In experiment 1, 73 INS volunteers (34 albinism, 39 IIN) were administered the Radner reading chart to investigate the effect font size on reading speed. Reading parameters included reading acuity (RA, minimum font size read <20secs), maximum reading speed (MRS), critical print size (CPS, font at which reading speed falls below 80% of maximum), and suboptimal reading range (SORR, MRS - CPS). In experiment 2, these parameters were calculated in 45 volunteers with INS (25 albinism, 20 IIN) with and without the aid of coloured overlays. For experiments 1 and 2 a group of healthy controls (n=19) was also compared.

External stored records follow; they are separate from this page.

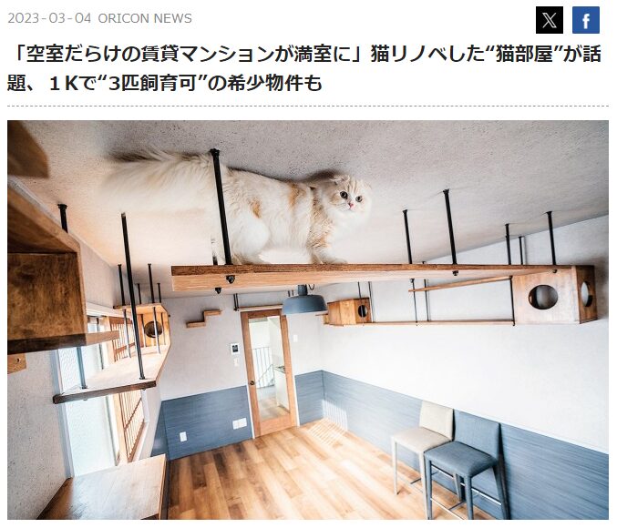 2023.03.04 ネットニュース ORICON NEWSで猫部屋が紹介されました。 ねこ大家の手がけた猫部屋がORICON NEWSで紹介されました。 「空室だらけの賃貸マンションが満室に」猫リノベした“猫部屋”が話題、1Kで“3匹飼育可”の希少物件も 次の記事 一覧へ戻る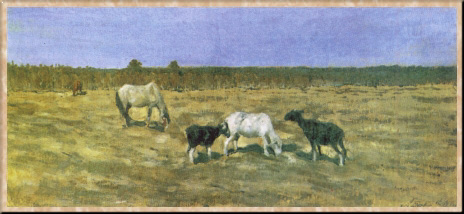Постоянным источником творческого вдохновения для художника была природа родного Урала. Милая его сердцу деревня Малый Исток под Екатеринбургом не отличалась оригинальной красотой, но именно здесь Туржанский черпал свои излюбленные мотивы, питавшие его искусство долгие годы (даже поселившись с 1920 г. в Москве, он каждую весну приезжал в родные края). Художник любил изображать мирную жизнь земли, тишину, в которой слышатся привычные деревенские звуки: "Пашня" (1910), "Осень. Солнце", "К вечеру" (обе 1912), "Этюд. Средний Урал", "Деревенская улица" (обе 1930-е), "Осенняя ночь. Тихо" (1935) и др. Обладая великолепным даром анималиста, Туржанский почти каждый свой пейзаж одушевляет присутствием домашней живности - это куры, телята, козы, а чаще всего - лошади, наделенные каждая своим характером, настроением ("Желтый жеребенок", 1914; "Ранняя весна", "Деревенские лошадки", обе 1910-е; "Вечер. Старая лошадь", б. г., и др.).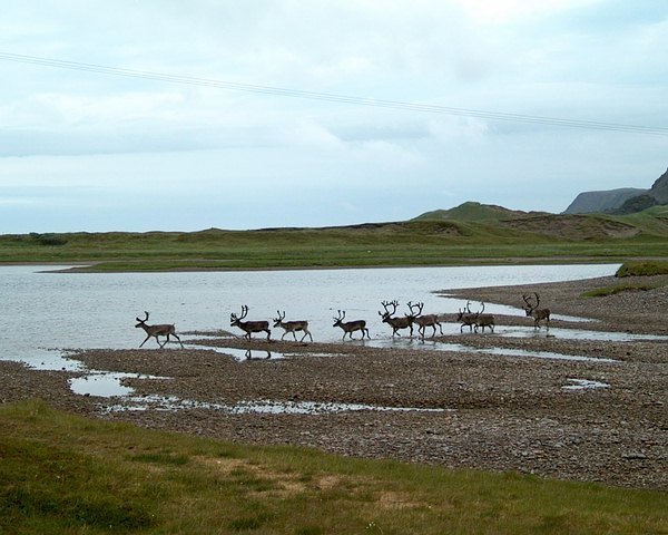 Eine Rentierheder ist zwischen den naturgeschützten Dünenzügen auf der Varanger-Halbinsel unterwegs.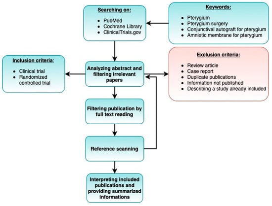 We searched PubMed, Cochrane Library, and ClinicalTrials.gov on 12 November 2021 to identify relevant studies. The following keywords were used: “pterygium”, “pterygium surgery” or “conjunctival autograft for pterygium”, and “amniotic membrane for pterygium”. We did not apply restrictions for language or date of publication.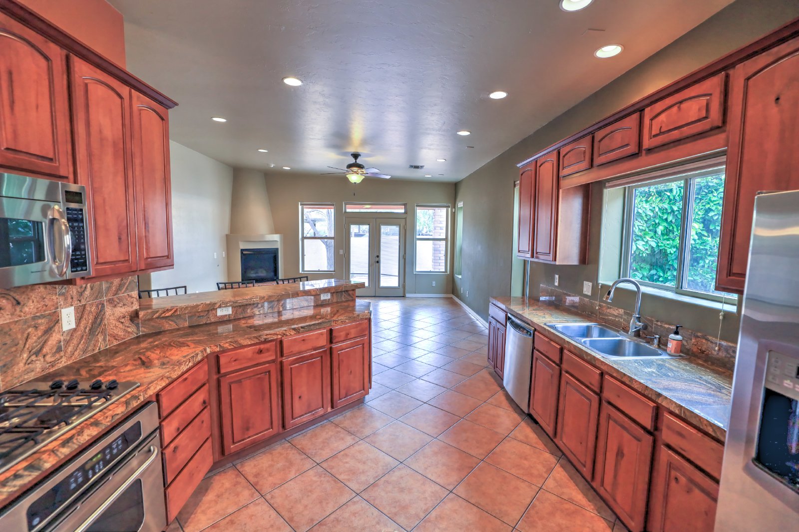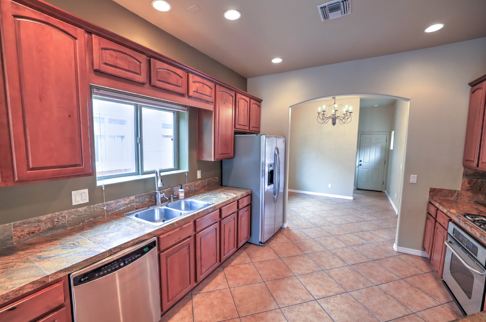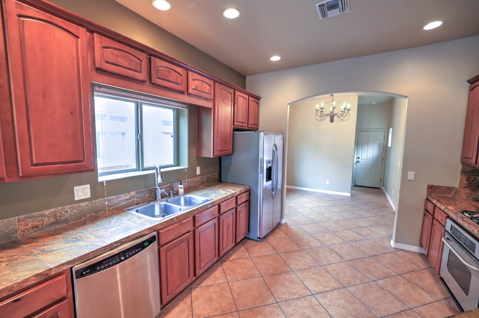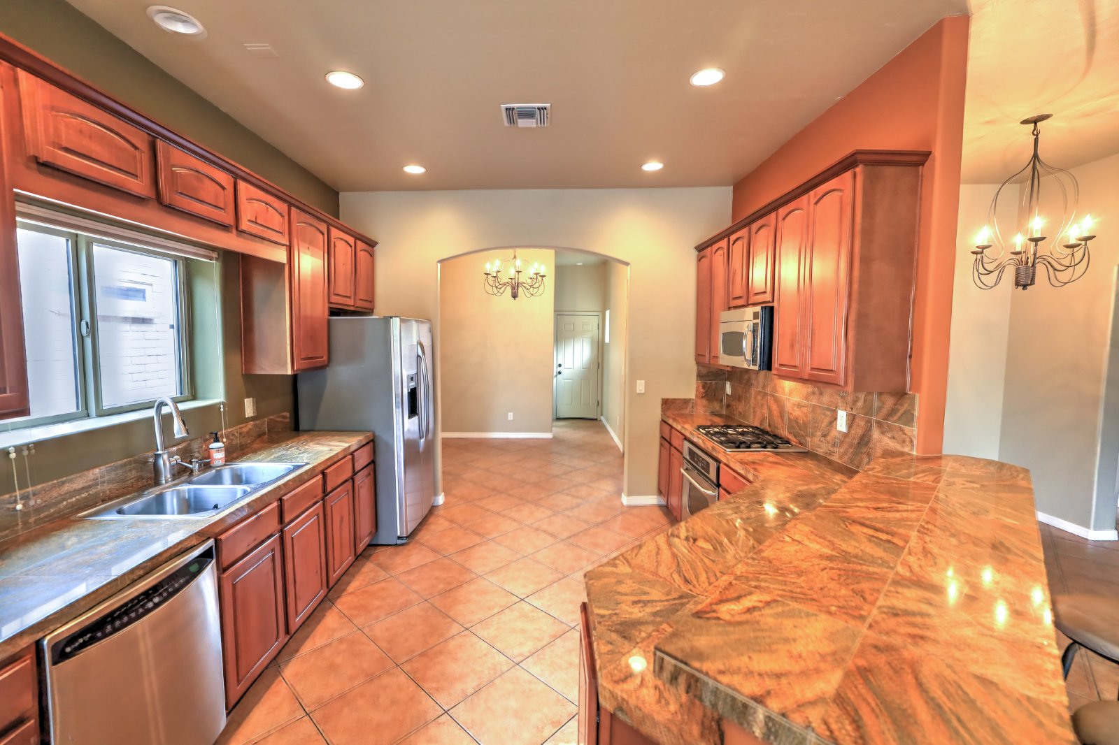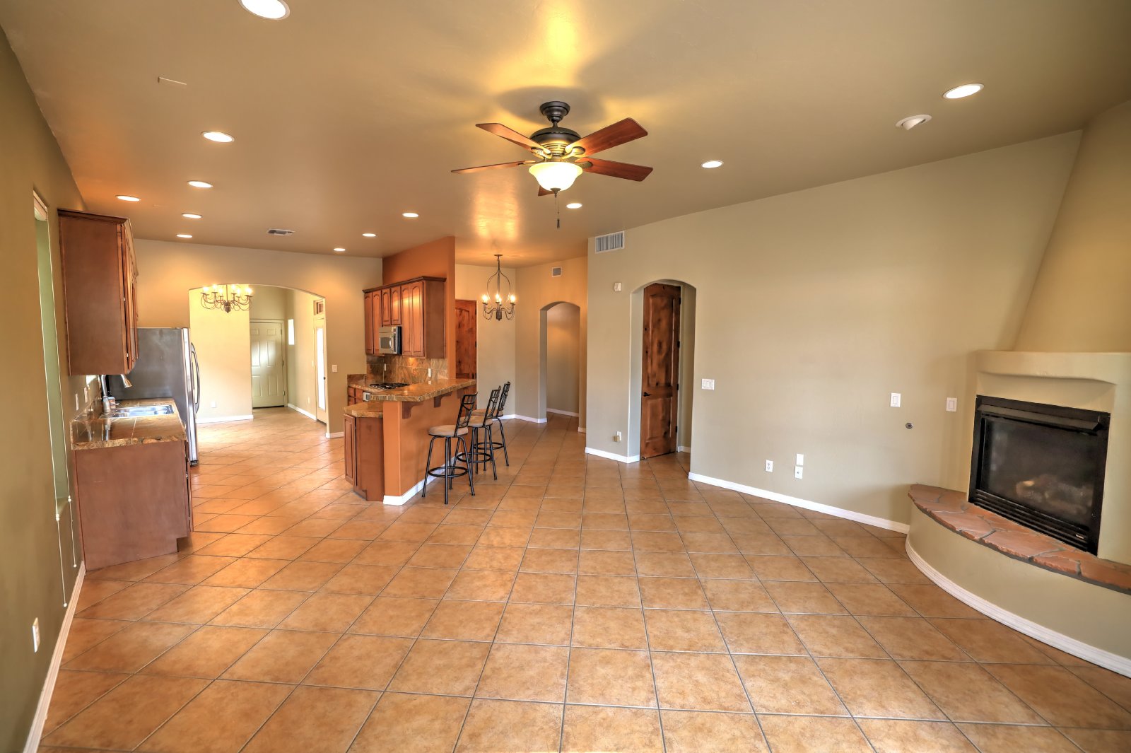 Central Tucson brick 3 bedroom 2 bath great room design with formal dining and breakfast bar. Entry gate opens to charming , private courtyard and amenities include 10' soaring ceilings, custom cabinetry, tile throughout and 8Ft alder wood doors. Kitchen has granite counters and stainless appliances. There is a covered patio with entry from master bedroom. Small dogs allowed with deposit, call or text James at 520-991-7809 to schedule viewings.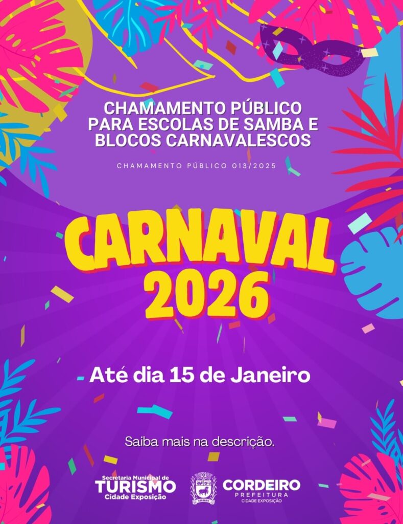 Está aberto o Edital de Chamamento Público Nº 013/2025 da Secretaria Municipal de Turismo para seleção de Agremiações Carnavalescas (ESCOLAS DE SAMBA E BLOCOS CARNAVALESCOS) para o Carnaval 2026. O objeto deste Chamamento Público é Seleção de Agremiações Carnavalescas (Escolas de Samba e Blocos Carnavalescos) para realização de apresentações artísticas durante Desfile na Avenida Raul […]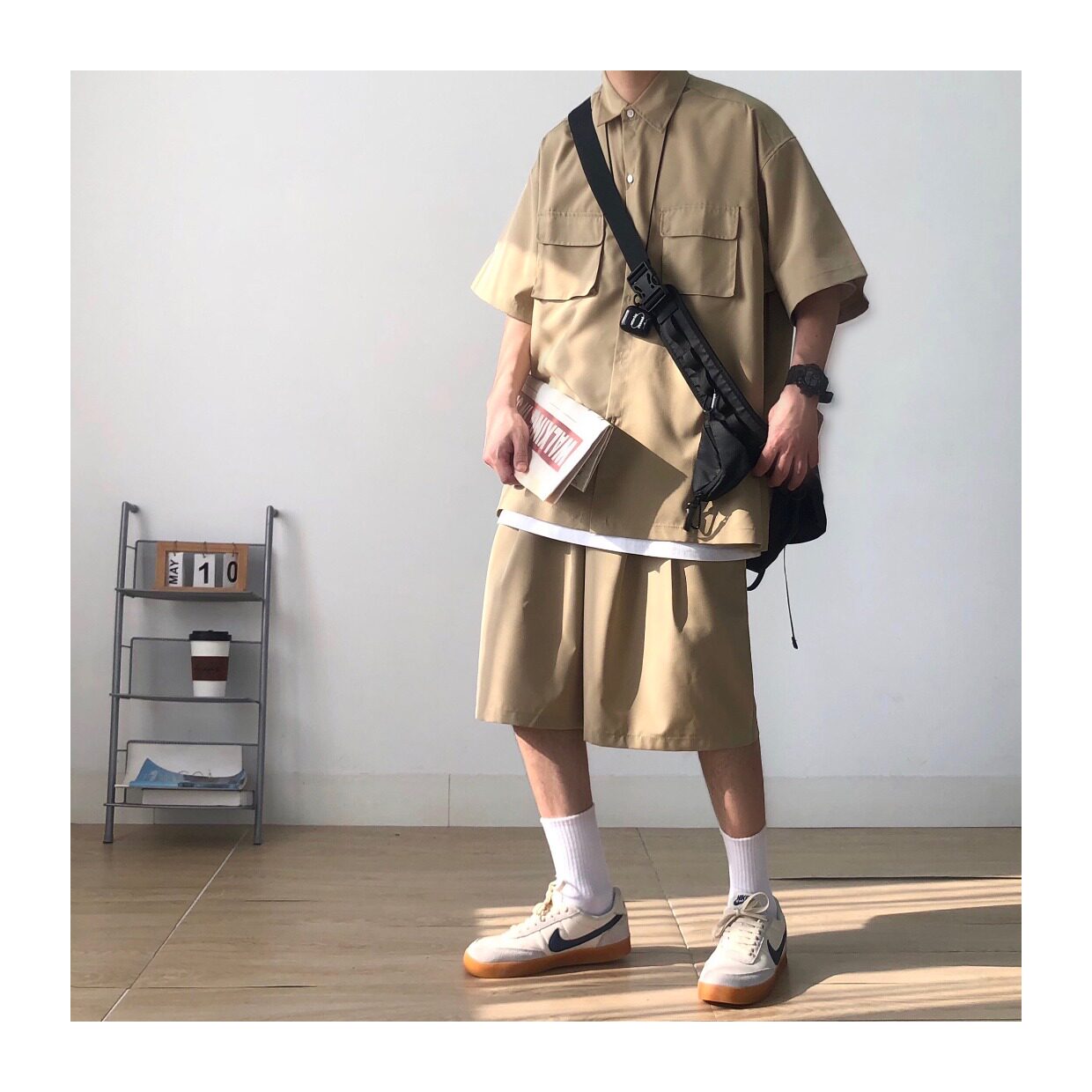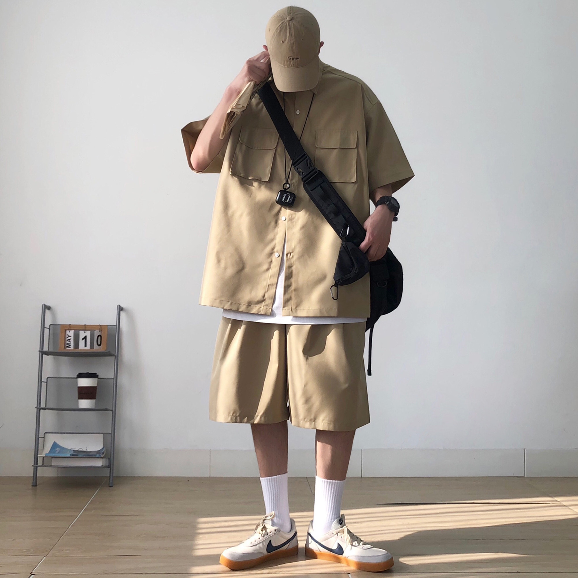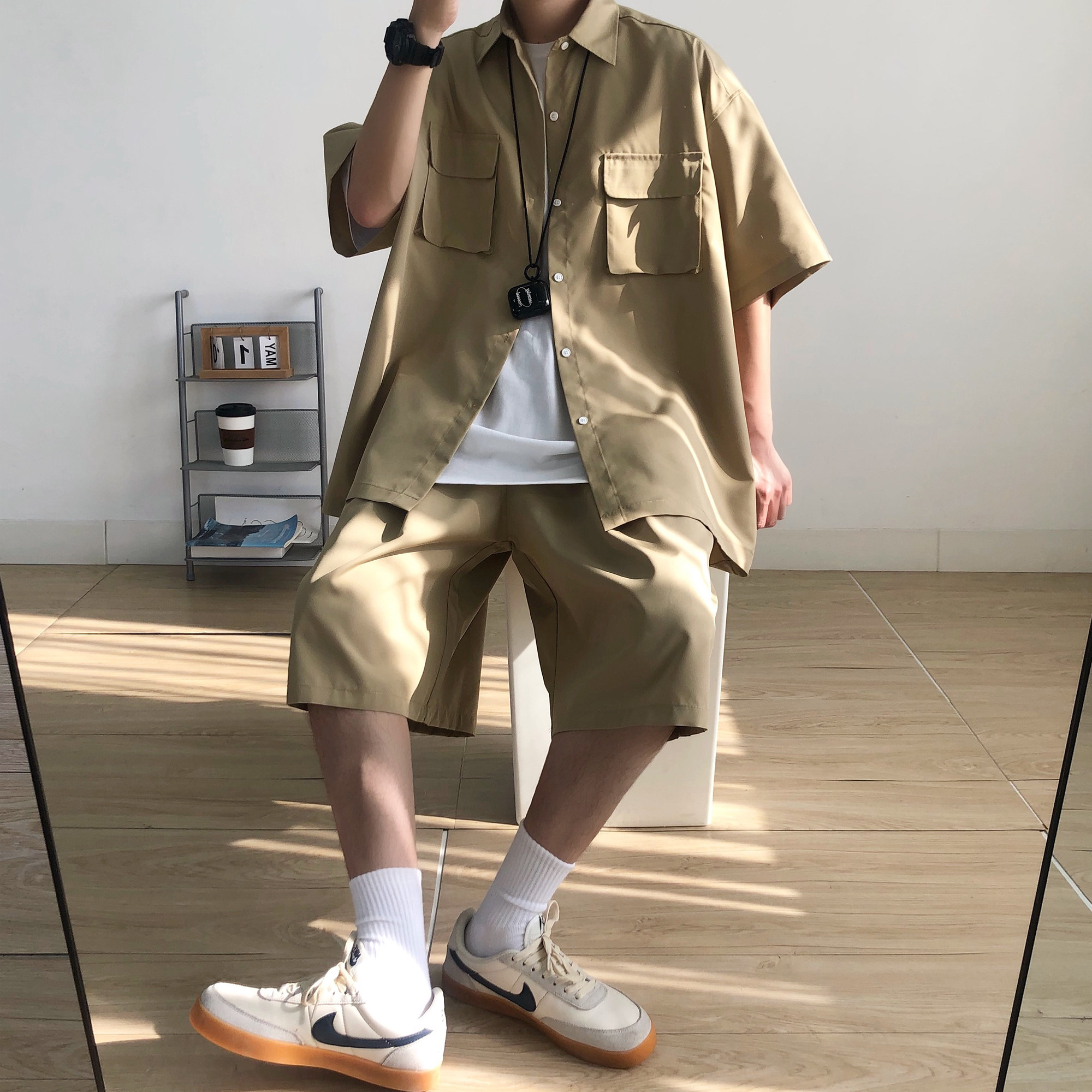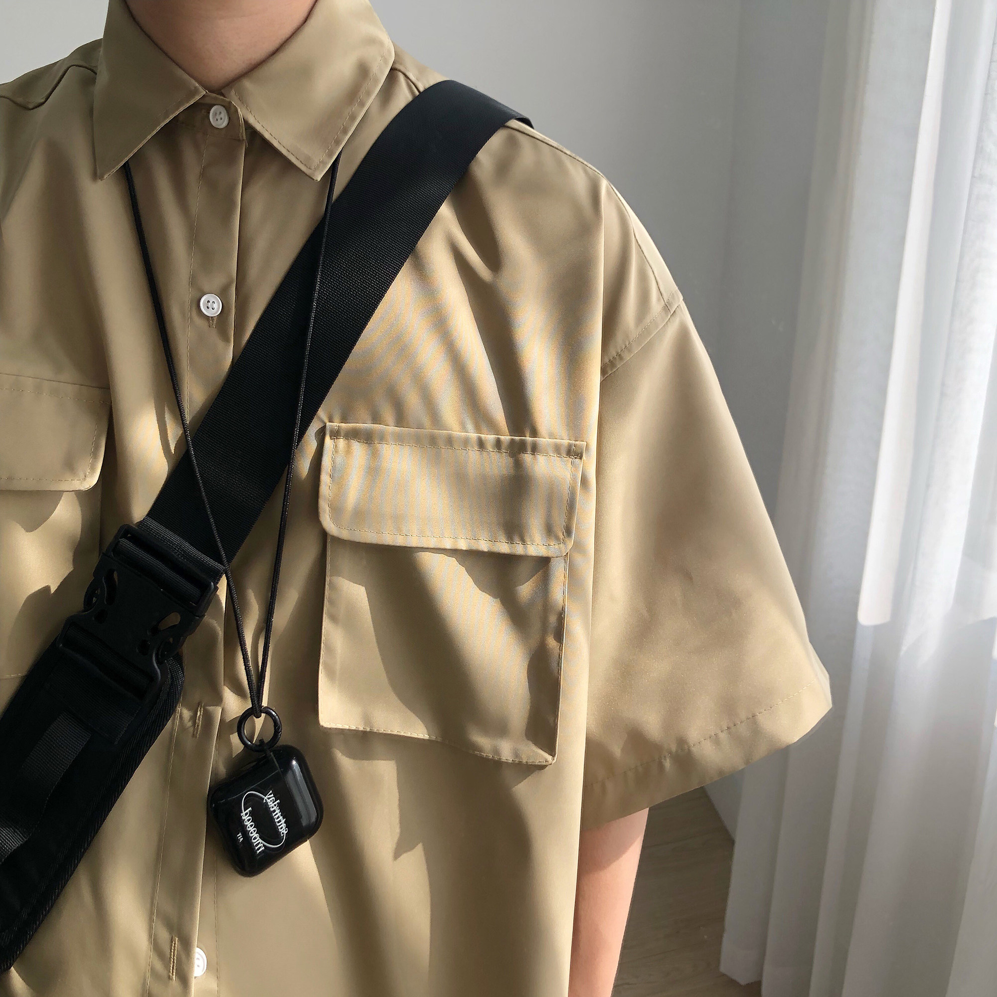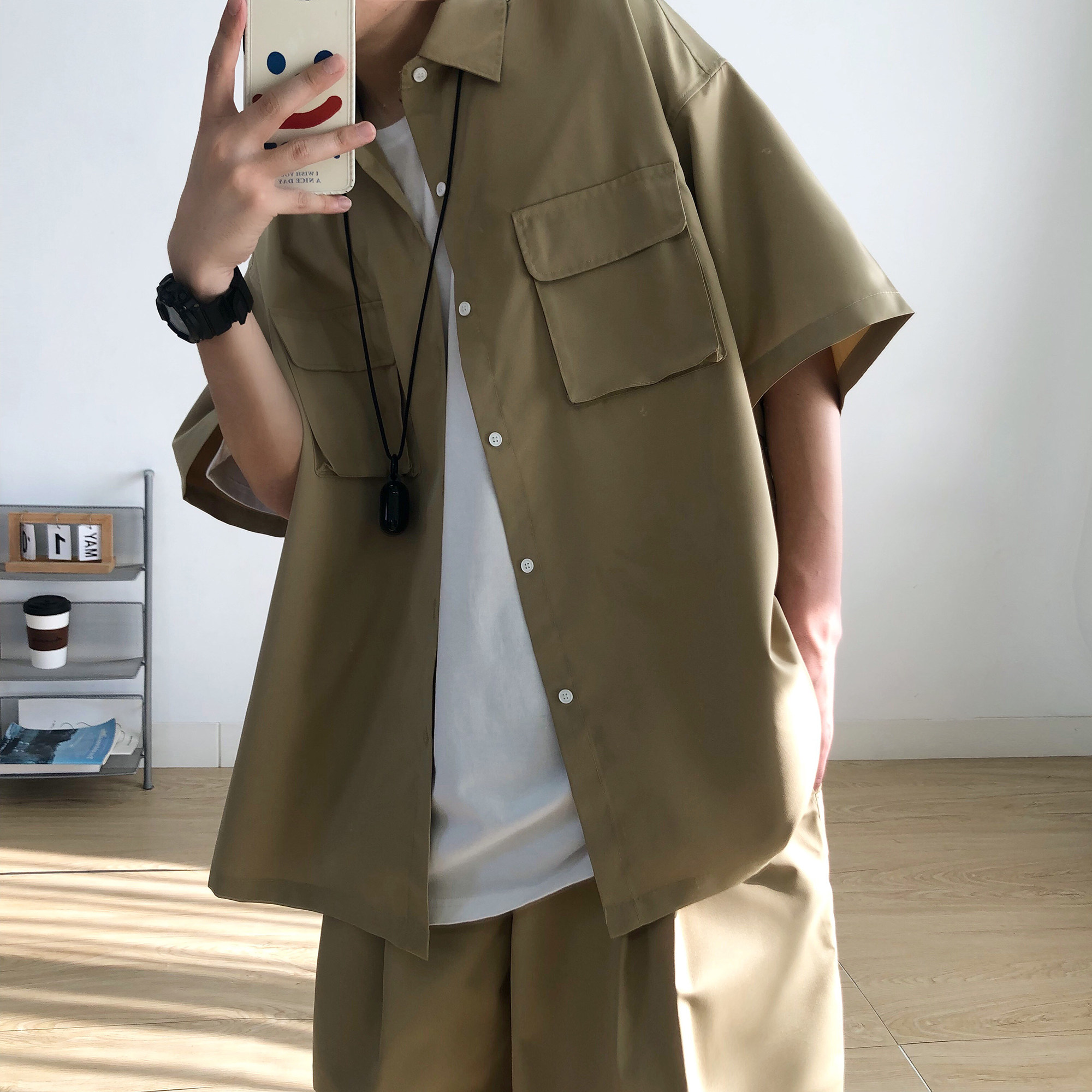 Tide, летняя хаки японская мужская рубашка, короткий рукав, свободный крой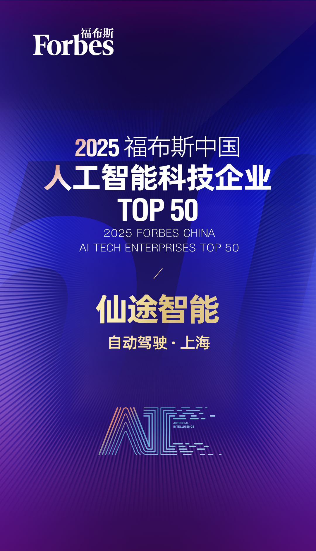 5月11日,福布斯中国正式发布“2025福布斯中国人工智能科技企业TOP50”,仙途智能凭借在人工智能领域的创新能力、关键技术突破及良好的市场表现,与阿里云、DeepSeek、宇树科技、火山引擎等企业共同跻身主榜单。这一权威榜单的发布,不仅是对中国人工智能领域蓬勃发展的生动注脚,更是对仙途智能在人工智能与无人驾驶商业化领域的高度认可。

In experiment 1, change in RS with font size in INS resembled previously described patterns consisting of a plateau with a drop off in reading speed below a particular font size (the critical print size). RA and CPS were significantly worse in albinism compared to IIN with both groups being significantly worse than controls. In contrast MRS and SORR were not significantly different between albinism and IIN groups although both groups were significantly worse than controls. RA was strongly correlated to visual acuity (VA) in INS although gradients of <1 indicated that patients with poorer VA could read at font sizes smaller than the VA limit. In contrast, MRS was not correlated to VA in albinism. In experiment 2, coloured overlays did not significantly improve any of the objective measures of reading, although 56% of INS volunteers perceived a benefit. Yellow was the most popular choice of filter.
Individuals with nystagmus not only show reduced RA and MRS but also show larger SORR indicating that reading speeds in INS are sub-optimal over a wider range of font sizes compared to controls. Individuals with poor VA typically read text which is smaller than their VA limit possibly because of more reliance on parafoveal vision. Use of coloured overlays resulted in no change in objective measures of reading performance although INS subjects perceived a benefit.